(Records for processing begins)

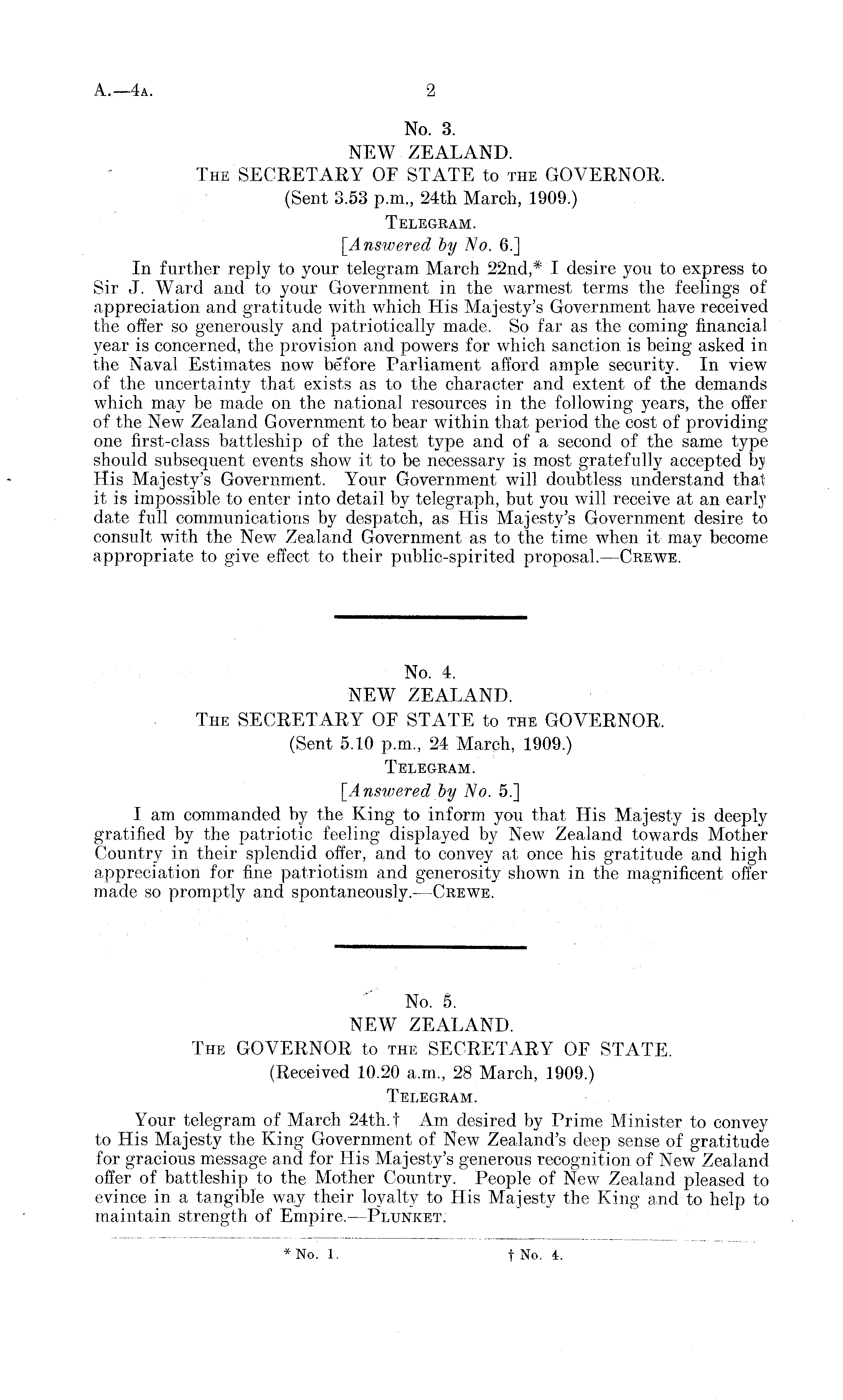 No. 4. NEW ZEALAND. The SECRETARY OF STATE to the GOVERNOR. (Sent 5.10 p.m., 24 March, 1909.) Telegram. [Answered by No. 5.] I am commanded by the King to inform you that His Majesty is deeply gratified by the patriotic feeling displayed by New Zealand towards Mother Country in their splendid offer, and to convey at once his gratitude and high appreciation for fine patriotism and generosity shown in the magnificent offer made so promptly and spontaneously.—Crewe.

(Records for processing ends)
(Records for processing begins)

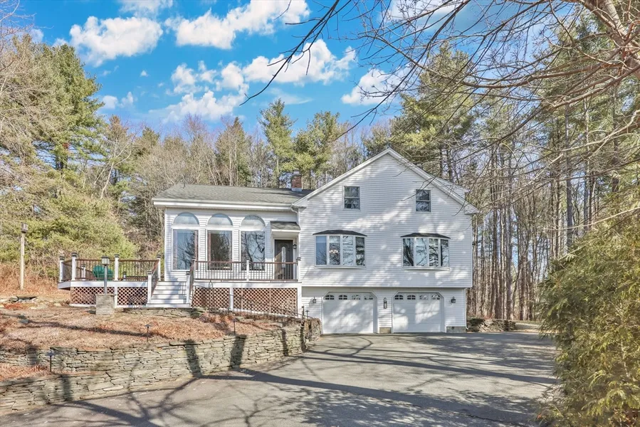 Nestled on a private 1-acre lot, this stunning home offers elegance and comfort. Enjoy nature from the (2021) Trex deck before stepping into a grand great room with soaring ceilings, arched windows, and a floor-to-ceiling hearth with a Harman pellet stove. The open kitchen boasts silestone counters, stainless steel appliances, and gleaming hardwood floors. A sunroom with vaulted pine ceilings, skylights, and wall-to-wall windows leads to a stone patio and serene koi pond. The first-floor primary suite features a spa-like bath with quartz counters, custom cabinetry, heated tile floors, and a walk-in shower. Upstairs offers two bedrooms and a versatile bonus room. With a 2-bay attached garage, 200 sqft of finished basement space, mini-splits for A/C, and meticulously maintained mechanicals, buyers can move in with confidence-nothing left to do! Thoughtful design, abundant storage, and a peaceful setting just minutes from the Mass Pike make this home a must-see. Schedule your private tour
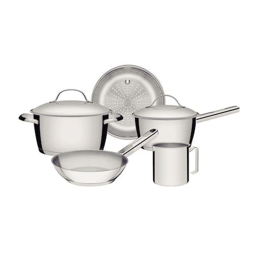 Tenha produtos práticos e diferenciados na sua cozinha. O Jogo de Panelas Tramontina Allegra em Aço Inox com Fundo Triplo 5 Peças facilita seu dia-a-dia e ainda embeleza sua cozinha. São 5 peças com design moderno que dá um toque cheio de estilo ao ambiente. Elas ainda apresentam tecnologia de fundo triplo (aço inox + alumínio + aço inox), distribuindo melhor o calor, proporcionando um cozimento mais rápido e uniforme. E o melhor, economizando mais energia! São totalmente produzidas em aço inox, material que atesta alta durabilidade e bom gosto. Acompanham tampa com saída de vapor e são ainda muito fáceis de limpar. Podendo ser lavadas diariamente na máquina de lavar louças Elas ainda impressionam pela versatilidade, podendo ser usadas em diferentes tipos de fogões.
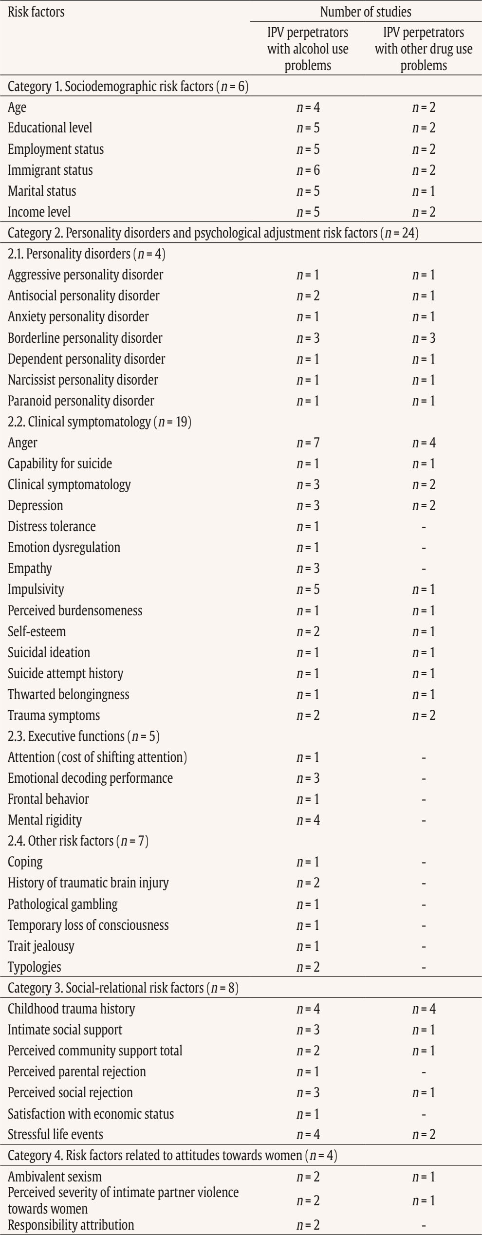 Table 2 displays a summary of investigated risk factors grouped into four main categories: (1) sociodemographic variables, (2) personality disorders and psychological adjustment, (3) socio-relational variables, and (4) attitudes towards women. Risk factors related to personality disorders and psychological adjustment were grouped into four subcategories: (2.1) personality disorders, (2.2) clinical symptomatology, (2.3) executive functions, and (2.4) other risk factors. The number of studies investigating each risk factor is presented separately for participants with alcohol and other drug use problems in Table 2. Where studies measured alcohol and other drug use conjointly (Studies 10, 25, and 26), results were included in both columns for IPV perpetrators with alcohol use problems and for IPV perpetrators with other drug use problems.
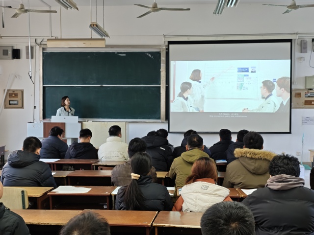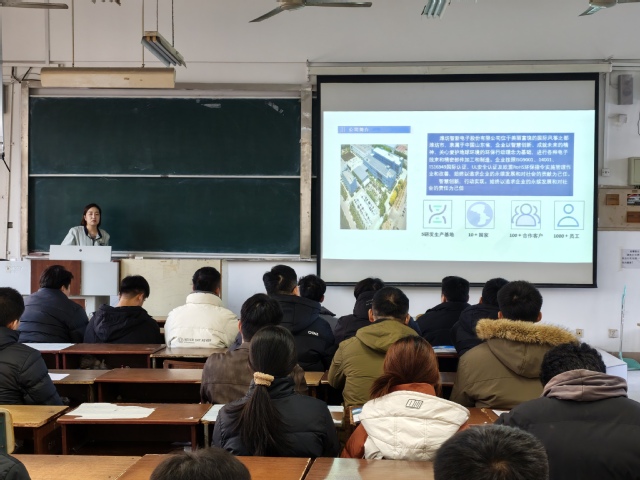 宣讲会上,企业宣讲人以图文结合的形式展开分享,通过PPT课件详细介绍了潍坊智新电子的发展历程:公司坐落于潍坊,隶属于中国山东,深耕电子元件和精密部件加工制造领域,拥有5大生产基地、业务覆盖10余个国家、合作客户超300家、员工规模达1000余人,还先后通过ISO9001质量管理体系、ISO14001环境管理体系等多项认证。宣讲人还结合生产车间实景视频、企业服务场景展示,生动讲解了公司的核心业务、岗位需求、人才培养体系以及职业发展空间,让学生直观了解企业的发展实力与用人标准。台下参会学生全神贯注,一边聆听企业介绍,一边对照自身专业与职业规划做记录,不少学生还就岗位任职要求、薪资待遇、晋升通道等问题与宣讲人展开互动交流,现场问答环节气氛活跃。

(Records for processing ends)

Activity ▸
Starting at the line above that holds "Table 2 displays", repeat every line exactly down to and including the line that holds "宣讲会上,企业宣讲人以图文结", then stop. Do not carry over any pictures.

Reply ▸
 Table 2 displays a summary of investigated risk factors grouped into four main categories: (1) sociodemographic variables, (2) personality disorders and psychological adjustment, (3) socio-relational variables, and (4) attitudes towards women. Risk factors related to personality disorders and psychological adjustment were grouped into four subcategories: (2.1) personality disorders, (2.2) clinical symptomatology, (2.3) executive functions, and (2.4) other risk factors. The number of studies investigating each risk factor is presented separately for participants with alcohol and other drug use problems in Table 2. Where studies measured alcohol and other drug use conjointly (Studies 10, 25, and 26), results were included in both columns for IPV perpetrators with alcohol use problems and for IPV perpetrators with other drug use problems.
 宣讲会上,企业宣讲人以图文结合的形式展开分享,通过PPT课件详细介绍了潍坊智新电子的发展历程:公司坐落于潍坊,隶属于中国山东,深耕电子元件和精密部件加工制造领域,拥有5大生产基地、业务覆盖10余个国家、合作客户超300家、员工规模达1000余人,还先后通过ISO9001质量管理体系、ISO14001环境管理体系等多项认证。宣讲人还结合生产车间实景视频、企业服务场景展示,生动讲解了公司的核心业务、岗位需求、人才培养体系以及职业发展空间,让学生直观了解企业的发展实力与用人标准。台下参会学生全神贯注,一边聆听企业介绍,一边对照自身专业与职业规划做记录,不少学生还就岗位任职要求、薪资待遇、晋升通道等问题与宣讲人展开互动交流,现场问答环节气氛活跃。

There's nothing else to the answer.